The Fund had, at 31 March 2012, noted a deficit of R16.48 billion. Its total claims liability for 2012 stood at R72.6 billion, a substantial increase from the previous year’s figure of R47.6 billion. Liability was largely shaped by the provision of claims incurred. The reasons for the increase in liability included earlier assumptions that were insufficient, the more expensive nature of claims, that fact that many settlements were higher than estimates and the widening of the beneficiary base.

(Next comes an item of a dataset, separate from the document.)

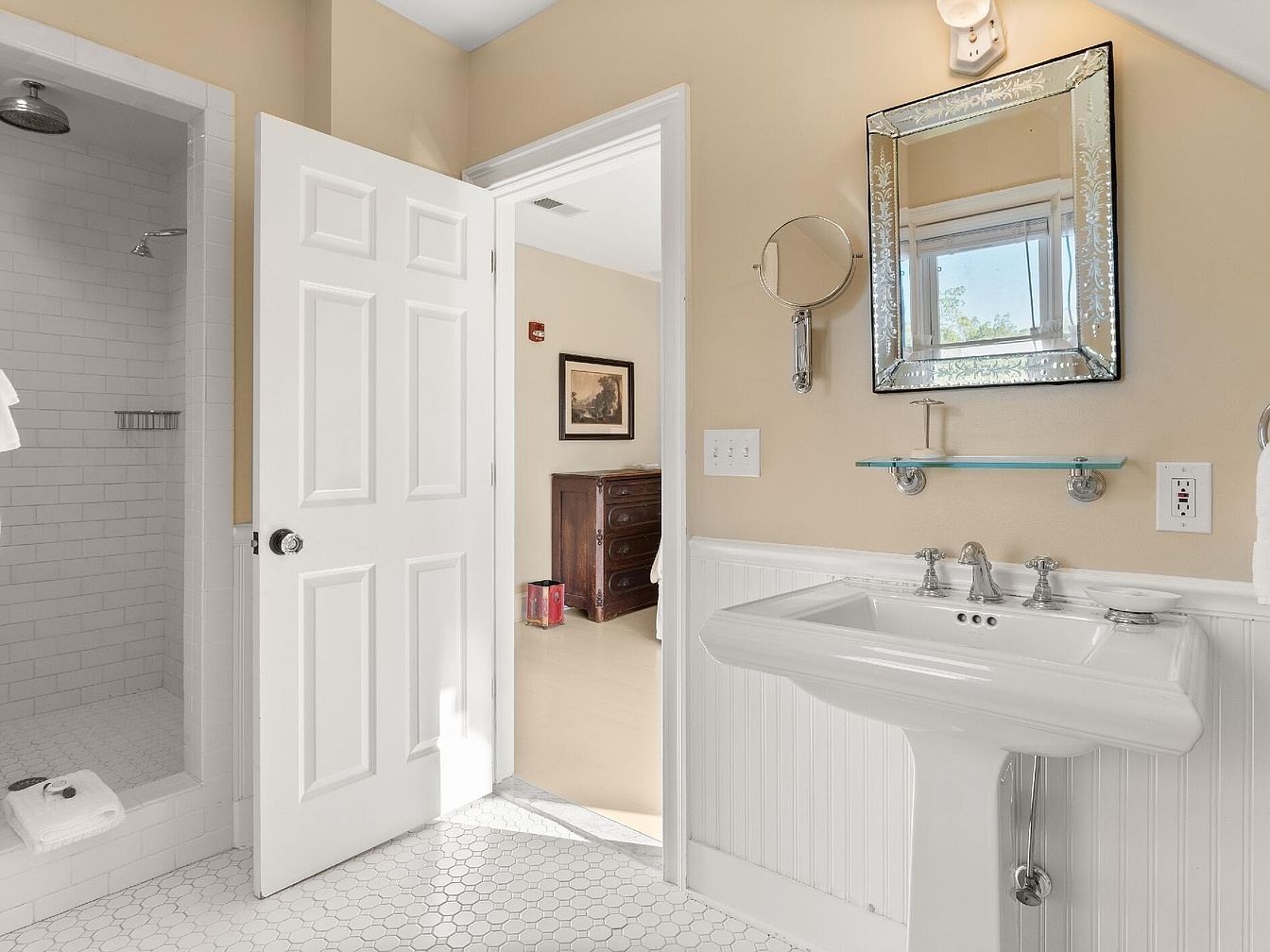 This bathroom beautifully combines modern aesthetics with practical features. The spacious layout includes a walk-in shower, highlighted by white subway tiles and a sleek glass shelf. A classic pedestal sink, in pristine white, complements the hexagonal floor tiles, adding a touch of elegance. Warm beige walls create a cozy ambiance, while strategically placed lighting enhances the overall brightness. Family-friendly elements are visible, with ample space for bath essentials. A large decorative mirror not only provides functionality but also reflects natural light from the window, making the room feel even larger and airier.

He then moved on to describe the Operational Outputs of the Fund. Noteworthy progress had been made in relation to governance, in that there were no adverse audit findings and the Fund had complied with requirements. The targets were met for stakeholder relationship management, with the Minister, Deputy minister, various departments, National Treasury, and SADC counterparts. On the financial management side, the Fund had obtained an unqualified audit opinion, had capacitated its procurement environment and maintained its investment policy. On the legal and compliance side, it had developed, submitted and had approved some Regulations, and had successfully implemented risk mitigation measures. Progress had also been made in relation to forensics, in that 502 arrests were made, which resulted in 244 convictions.

In relation to its performance, the Fund was functioning within a particularly challenging operating environment. Despite this, significant work had been executed, with notable progress made. There were, however, concerns around slower claim processing and the increased provision for outstanding claims.

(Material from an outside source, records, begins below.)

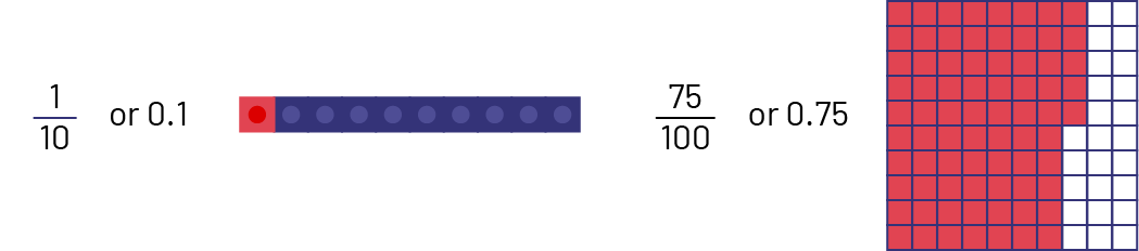 Students need to understand that since decimal notation is just another way of representing a decimal fraction (fractions with a denominator that is a power of 10), it is then possible to establish a relationship of equality between the two notations (for example, 0.3 = \(\frac{3}{{10}}\). By recognizing this equality, they are able to associate a place value with each of the digits that make up a decimal number, successively tenths, hundredths, thousandths and so on.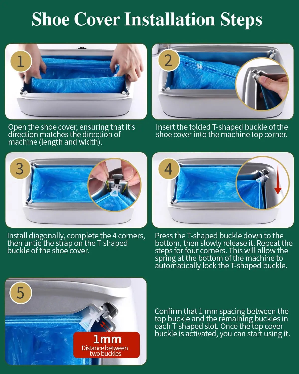 Easy Installation: Installing the shoe cover machine is incredibly simple. Just press the T-shaped button on the corner of the machine and insert the T-shaped button of the disposable shoe cover into the designated slot. Make sure the T-shaped button of the shoe cover is positioned underneath the machine. This straightforward installation process can be quickly and easily completed, saving you time and effort.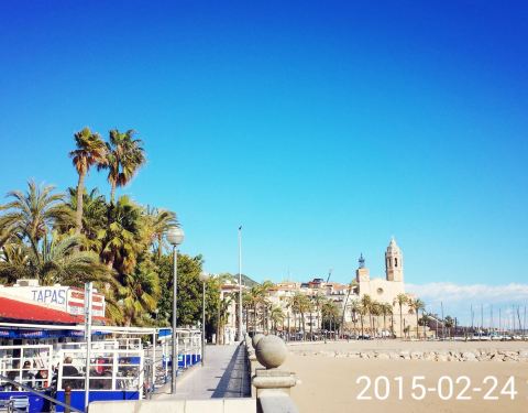 沿着海岸线,沿途有好多的别墅和公寓,可以想象,在夏天这里是个非常热门的度假胜地锡切斯的海边非常美海岸线又长,沿着这长长的海岸线,种了长长一排的椰子树,特别有热带海边风情。沿着海岸线,沿途有好多的别墅和公寓,可以想象,在夏天这里是个非常热门的度假胜地。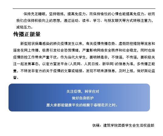 同时鼓励建院学子明辨是非,不信谣,不传谣。积极关注疫情发展情况,以官方宣发平台的信息为准,多传播正能量,不转发非官方的关于疫情的文章或链接。发现不明来源信息,及时上报,做好舆论监督。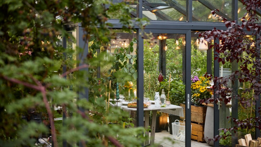 Following the home office in the garden shed, now comes the living or dining room in the greenhouse. A look at Instagram and similar platforms shows that this type of “living in the green” is currently very trendy.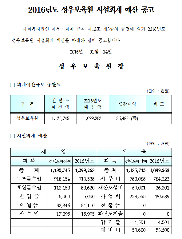 19-03-28 11:26 2016년 시설회계 예산공고(재공고) 페이지 정보 작성자 성우보육원 댓글 0건 조회 7,259회 본문 2016년 시설회계 예산공고(재공고) 목록 댓글목록 댓글목록 등록된 댓글이 없습니다.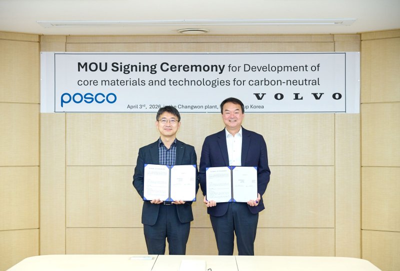 볼보그룹코리아는 지난 3일 창원공장에서 포스코와 '고성능 소재 및 제조기술 공동 연구개발' MOU 협약식을 진행했다고 6일 밝혔다. 행사에는 강호진 볼보그룹코리아 연구개발부문 부사장과 이규영 포스코 기술연구원 솔루션연구소장 등이 참석했다.

In relation to its performance target of efficient management of the organisation through increasing its footprint across the country, it had exceeded its target of 25 000 claims originating from its Customer Service Network, which was located at hospitals, mobile units and other places.

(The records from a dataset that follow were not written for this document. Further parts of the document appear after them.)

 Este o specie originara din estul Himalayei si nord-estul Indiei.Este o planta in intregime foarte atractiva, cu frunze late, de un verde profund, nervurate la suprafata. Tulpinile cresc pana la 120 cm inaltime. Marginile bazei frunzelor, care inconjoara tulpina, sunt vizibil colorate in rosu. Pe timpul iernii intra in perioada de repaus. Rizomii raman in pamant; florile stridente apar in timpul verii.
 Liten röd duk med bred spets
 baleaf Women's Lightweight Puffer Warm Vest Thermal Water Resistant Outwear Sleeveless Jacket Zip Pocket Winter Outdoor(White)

From a financial perspective, the performance target of managing the Fund’s solvency could not be met, as a result of the Fund being grossly under-capitalised. The fuel levy did not correlate with the increasing amounts needed to settle claims. In addition, he reminded Members that provision for outstanding claims had increased from R33.5 billion in 2011 to R53.9 billion in 2012. The Fund was prioritising the processing of open claims,  and was confirming the backlog by way of an audit, and repudiation of unprocessed claims, was enhancing operational delivery, was optimising financial controls and managing the deficit, through prioritising amendment of legislation to remove fault and instead define a set benefit.

He noted that the Fund was operating in a context which was very different to that of other entities. Funding via the fuel levy was not associated with claim frequencies and costs, while beneficiaries were not constituted by past, present or future contributors to the fuel levy. Benefits available to claimants were not defined and were, in some instances, not limited to a maximum value. Social security obligations of the Fund extended to the protection of income, the provision of support and the funding of healthcare needs.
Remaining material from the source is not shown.